The list price of Yescarta in the United States is $373,000.

Yescarta has been granted Priority Medicines (PRIME) regulatory support for DLBCL in the European Union. A Marketing Authorization Application (MAA) for axicabtagene ciloleucel is currently under review with the European Medicines Agency (EMA) and potential approval is expected in the first half of 2018.

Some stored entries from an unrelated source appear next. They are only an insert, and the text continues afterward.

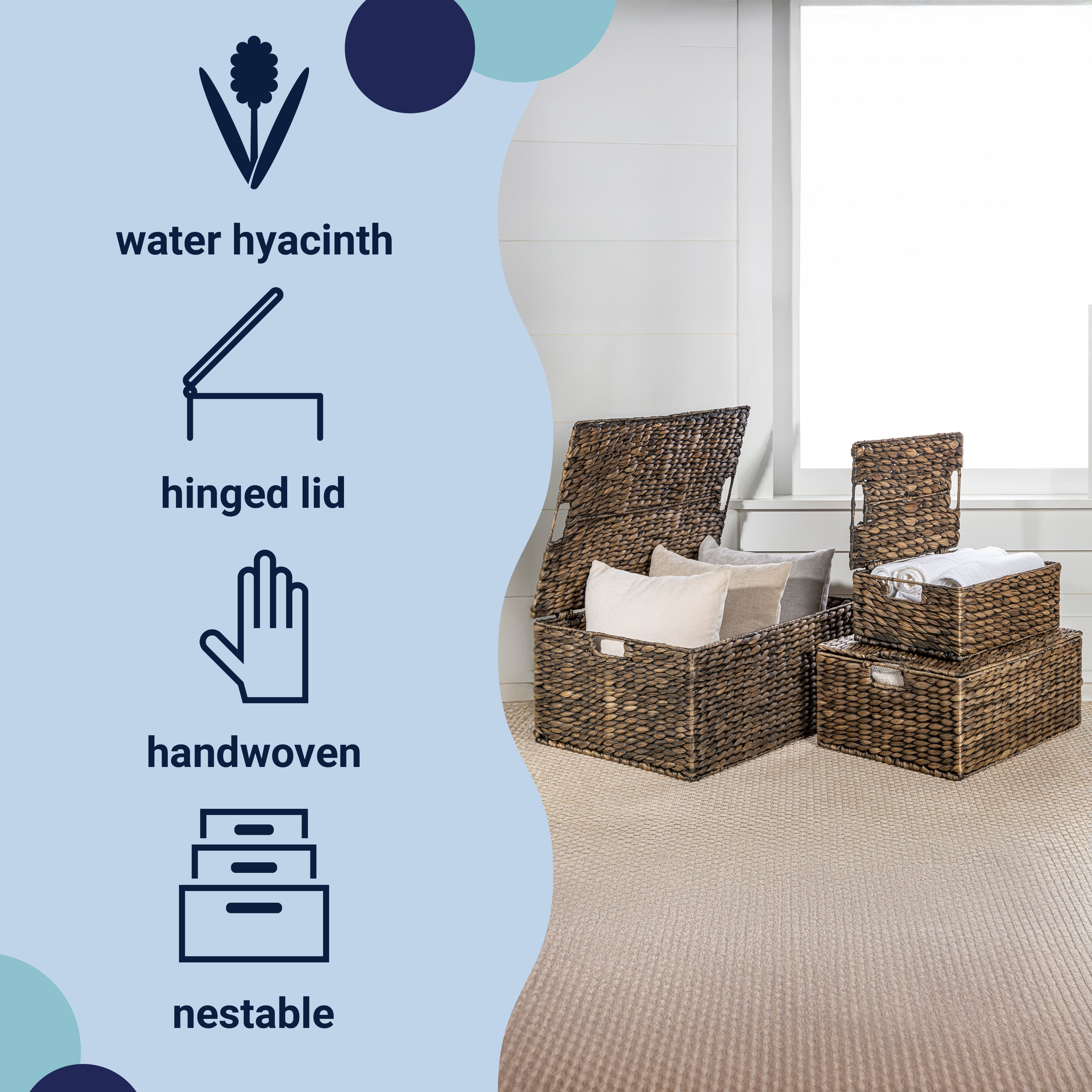 Ram Classic Farmhouse Woven Hyacinth Rectangular Storage Baskets with Lids and Handles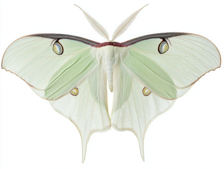 tranquil moment reveals a luna moth at rest, showcasing its delicate, pale green wings adorned with intricate details, isolated beautifully on a white background.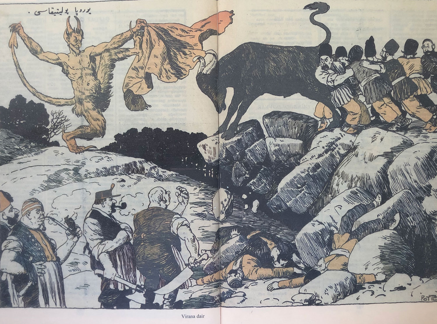 از گویا مجموعهای از نگارههای گاوبازی نیز به یادگار مانده است.۵۱ روتر یکی از صحنههای گاوبازی گویا را اقتباس میکند (که شاید در نظر اول با فرهنگ ماورای قفقاز یا خاورمیانه ناهمخوان باشد). در این اثر روتر، دیپلماسی اروپا در قالب شیطان تجسم یافته است که همچون گاوبازی چیرهدست نشان داده شده است. شیطان با شنل سرخ ماتادوری خود میکوشد ملت دیگری از مشرقزمین را ــکه به شکل گاوی بسیار عضلانی به تصویر کشیده شده استــ فریب داده و به درهی مرگ هدایت کند. گاو به شکل خطرناکی در لبهی پرتگاه ایستاده است، در حالی که مردم مشرقزمین دارند او را به سمت لبه هل میدهند. در همین حال، در پایین دره، قدرتهای استعماری خندان منتظر سقوط قریبالوقوع گاو هستند و شمشیرهایشان را آماده کردهاند، گویی میخواهند گاو را تکهتکه کنند. (تصویر 18)

Yescarta (axicabtagene ciloleucel) Pivotal Trial Results

The approval of Yescarta is supported by data from the ZUMA-1 pivotal trial. In this study, 72 percent of patients treated with a single infusion of Yescarta (n=101) responded to therapy (overall response rate) including 51 percent of patients who had no detectable cancer remaining (complete remission; 95% CI: 41, 62). At a median follow-up of 7.9 months, patients who had achieved a complete remission had not reached the estimated median duration of response (95% CI: 8.1 months, not estimable [NE]).

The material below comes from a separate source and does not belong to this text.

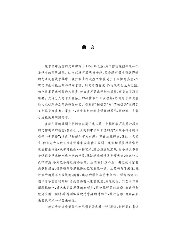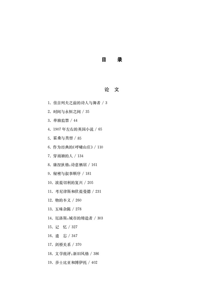 这本自选集收录了他1958年到2002年间的19篇长论文和7篇短评。长论文以《佳吉列夫之前的诗人与舞者》开篇,包含谈霍桑、华莱士•史蒂文斯、有关文学理论与分析的问题、奥登及“秘密与叙事顺序”等的重要论文,终篇是关于莎士比亚的《奥赛罗》与威尔第和博伊托的《奥赛罗》的精彩解读;短评包括论述唐•德里罗、雷蒙德•卡佛、汤姆•波林、伊恩·麦克尤恩等当代作家的文章。书中所收评论探讨了现代小说、诗歌、舞蹈、艺术、哲学、戏剧、歌剧、文学批评风格等各种话题,涉及心理学、哲学、叙事学、宗教、后现代理论、语言学、修辞学等学科的关键词语。本书也是《纽约时报》年度优秀图书。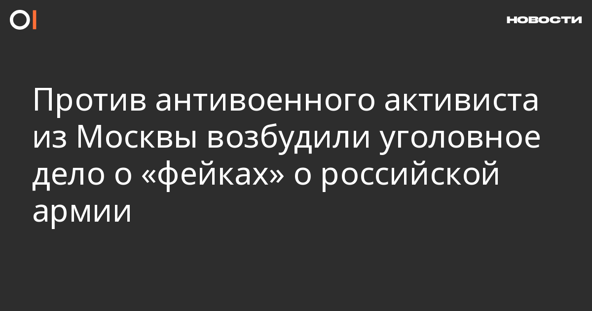 Против антивоенного активиста из Москвы возбудили уголовное дело о «фейках» о российской армии по мотивам политической ненависти или вражды (п. «д» ч. 2 ст. 207.3 УК). Об этом он сам сообщил ОВД-Инфо.

In the study, 13 percent of patients experienced grade 3 or higher cytokine release syndrome (CRS) and 31 percent experienced neurologic toxicities. The most common (≥ 10%) Grade 3 or higher reactions include febrile neutropenia, fever, CRS, encephalopathy, infections-pathogen unspecified, hypotension, hypoxia and lung infections. Serious adverse reactions occurred in 52% of patients and included CRS, neurologic toxicity, prolonged cytopenias (including neutropenia, thrombocytopenia and anemia), and serious infections. Fatal cases of CRS and neurologic toxicity occurred. FDA approved Yescarta with a Risk Evaluation and Mitigation Strategy.

Yescarta Indication

Yescarta is a CD19-directed genetically modified autologous T cell immunotherapy indicated for the treatment of adult patients with relapsed or refractory large B-cell lymphoma after two or more lines of systemic therapy, including diffuse large B-cell lymphoma (DLBCL) not otherwise specified, primary mediastinal large B-cell lymphoma, high-grade B-cell lymphoma, and DLBCL arising from follicular lymphoma.

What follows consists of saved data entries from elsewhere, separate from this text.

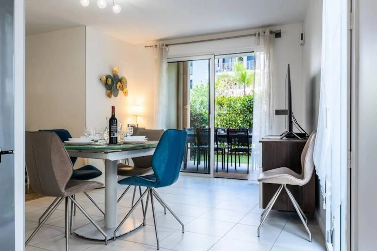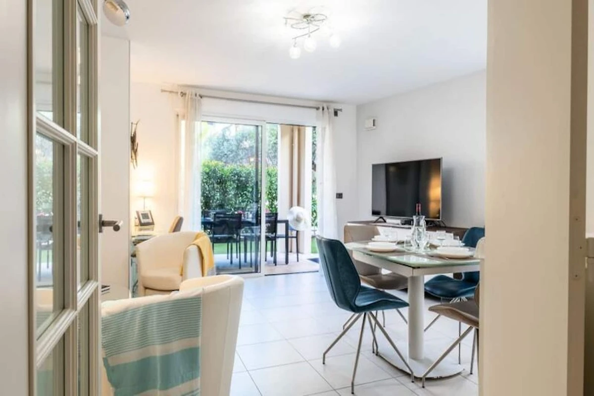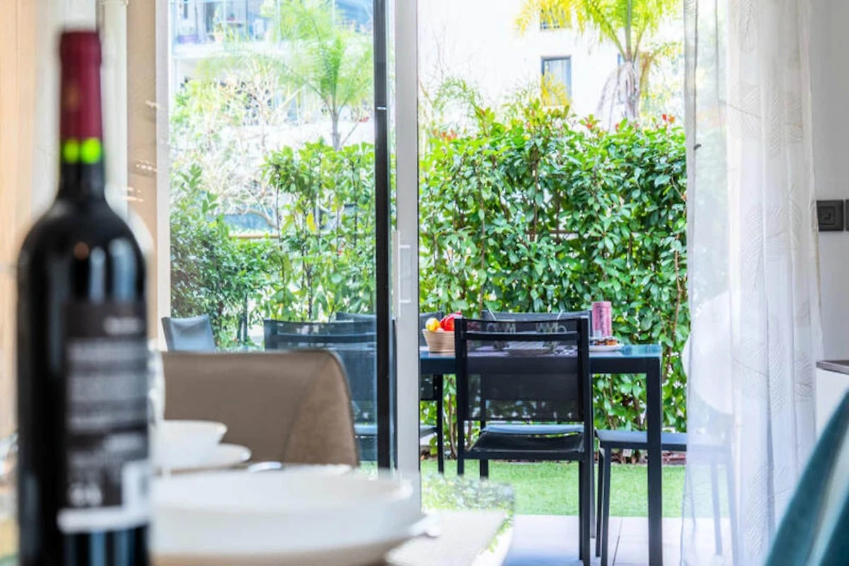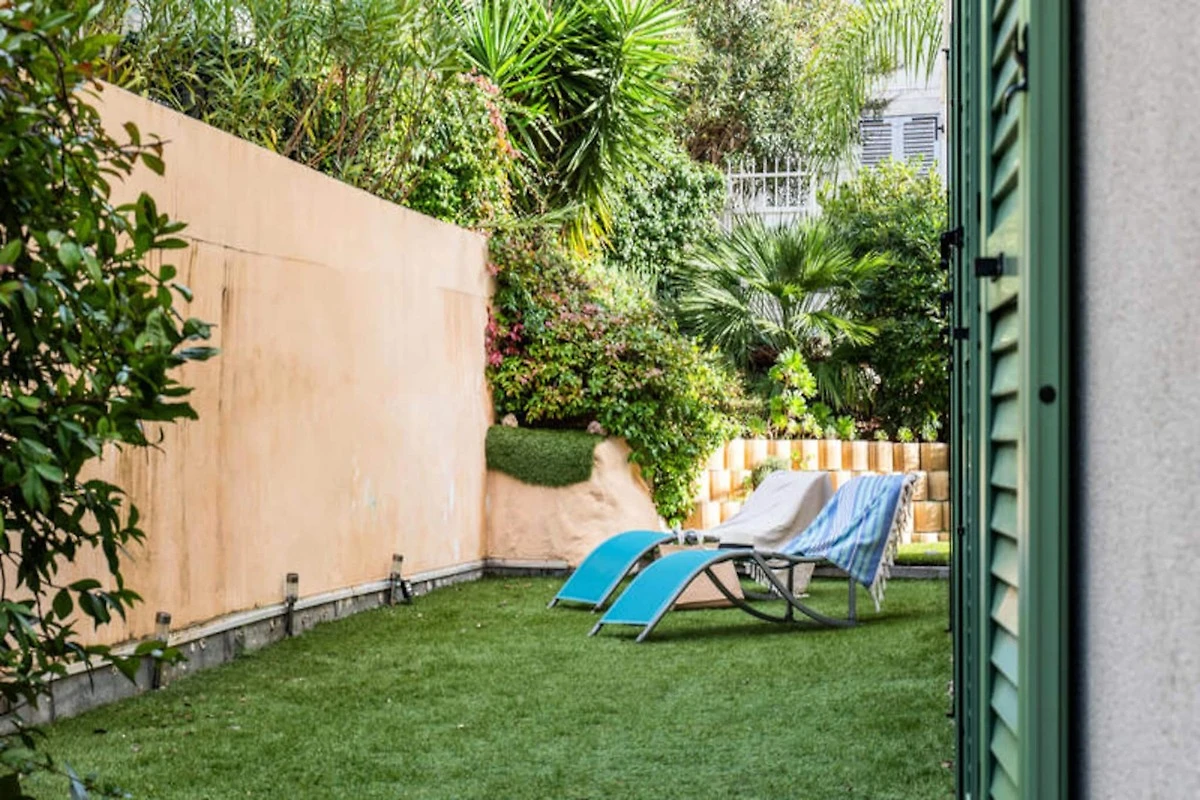 Entrate in questo luminoso e spazioso appartamento di 71 m², dove ogni dettaglio è stato attentamente progettato per il vostro comfort. La zona giorno open space, con la sua ampia vetrata, si collega perfettamente a un rigoglioso giardino privato, creando un armonioso flusso tra interno ed esterno. La cucina completamente attrezzata è ideale per preparare pasti da gustare al tavolo da pranzo o all'aperto in giardino. Le due camere da letto offrono flessibilità: una dispone di due letti singoli unibili, mentre la camera da letto principale con bagno privato si apre su un tranquillo giardino sul retro. Servizi di lusso come l'aria condizionata a tre zone, il Wi-Fi ad alta velocità e l'accesso sicuro tramite portachiavi garantiscono un soggiorno senza pensieri.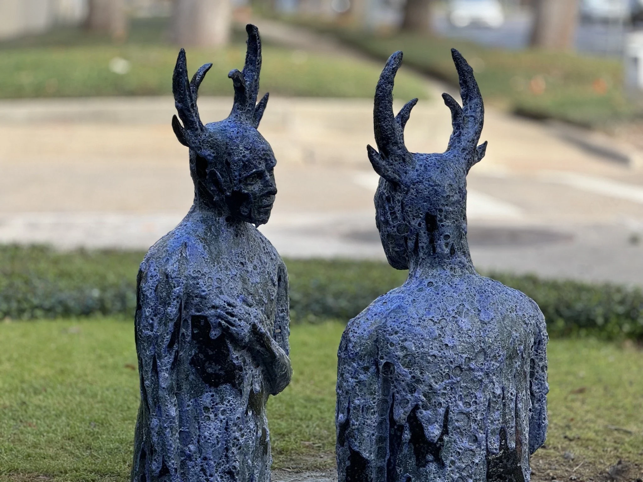 On view through Oct. 31, 2026 on the front sculpture lawn of The Jung Center, 5200 Montrose Boulevard. Made of clay with a flowing blue lava glaze, this piece is about the healing power of listening.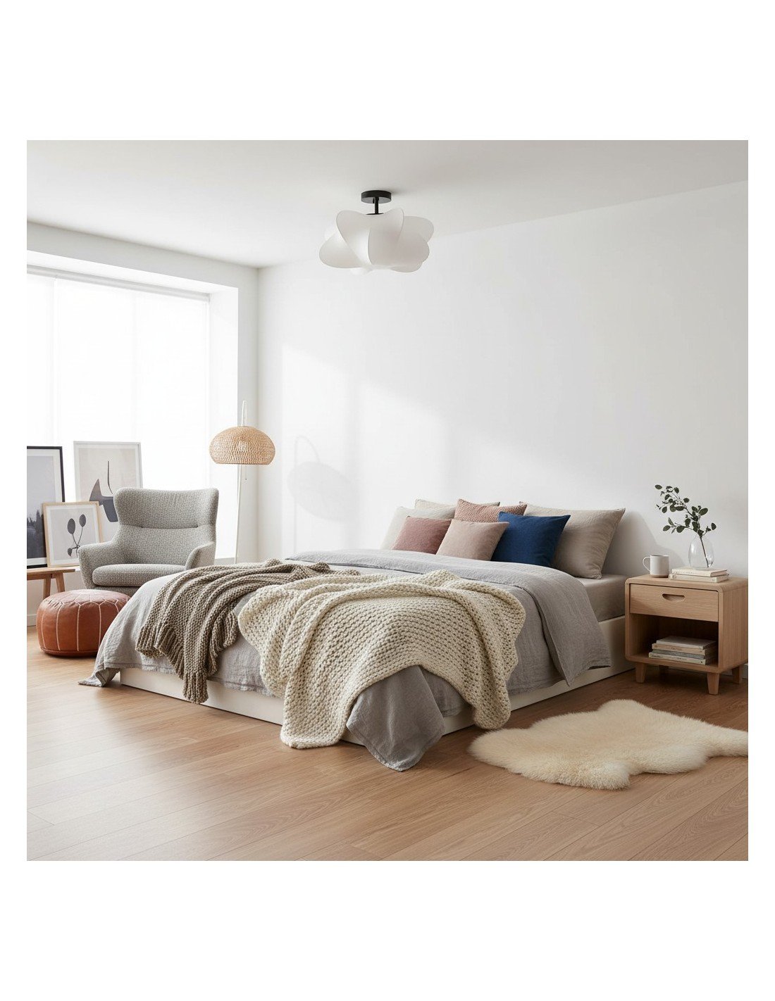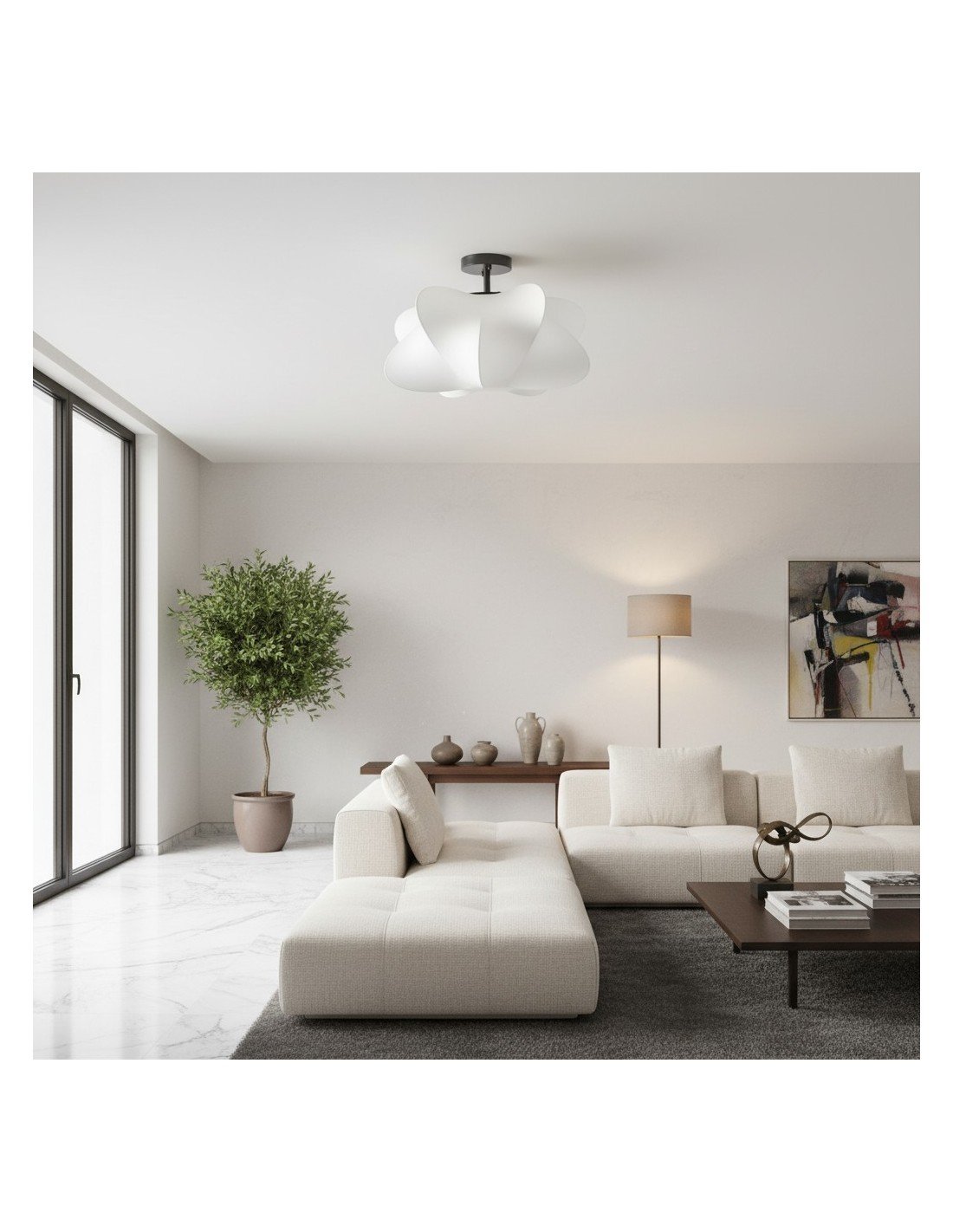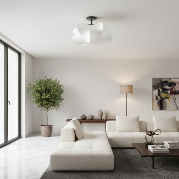 - Abat-jour en polymère en finition blanche.

Yescarta is not indicated for the treatment of patients with primary central nervous system lymphoma.

IMPORTANT SAFETY INFORMATION

BOXED WARNING: CYTOKINE RELEASE SYNDROME and NEUROLOGIC TOXICITIES

Cytokine Release Syndrome (CRS), including fatal or life-threatening reactions, occurred in patients receiving Yescarta. Do not administer Yescarta to patients with active infection or inflammatory disorders. Treat severe or life-threatening CRS with tocilizumab or tocilizumab and corticosteroids.
Neurologic toxicities, including fatal or life-threatening reactions, occurred in patients receiving Yescarta, including concurrently with CRS or after CRS resolution. Monitor for neurologic toxicities after treatment with Yescarta. Provide supportive care and/or corticosteroids as needed.
Yescarta is available only through a restricted program under a Risk Evaluation and Mitigation Strategy (REMS) called the Yescarta REMS.
Cytokine Release Syndrome (CRS)

CRS, including fatal or life-threatening reactions, occurred following treatment with Yescarta. In Study 1, CRS occurred in 94% (101/108) of patients receiving Yescarta, including ≥ Grade 3 (Lee grading system) CRS in 13% (14/108) of patients. Among patients who died after receiving Yescarta, four had ongoing CRS events at the time of death. The median time to onset was 2 days (range: 1 to 12 days) and the median duration of CRS was 7 days (range: 2 to 58 days). Key manifestations of CRS include fever (78%), hypotension (41%), tachycardia (28%), hypoxia (22%), and chills (20%). Serious events that may be associated with CRS include cardiac arrhythmias (including atrial fibrillation and ventricular tachycardia), cardiac arrest, cardiac failure, renal insufficiency, capillary leak syndrome, hypotension, hypoxia, and hemophagocytic lymphohistiocytosis/macrophage activation syndrome (HLH/MAS).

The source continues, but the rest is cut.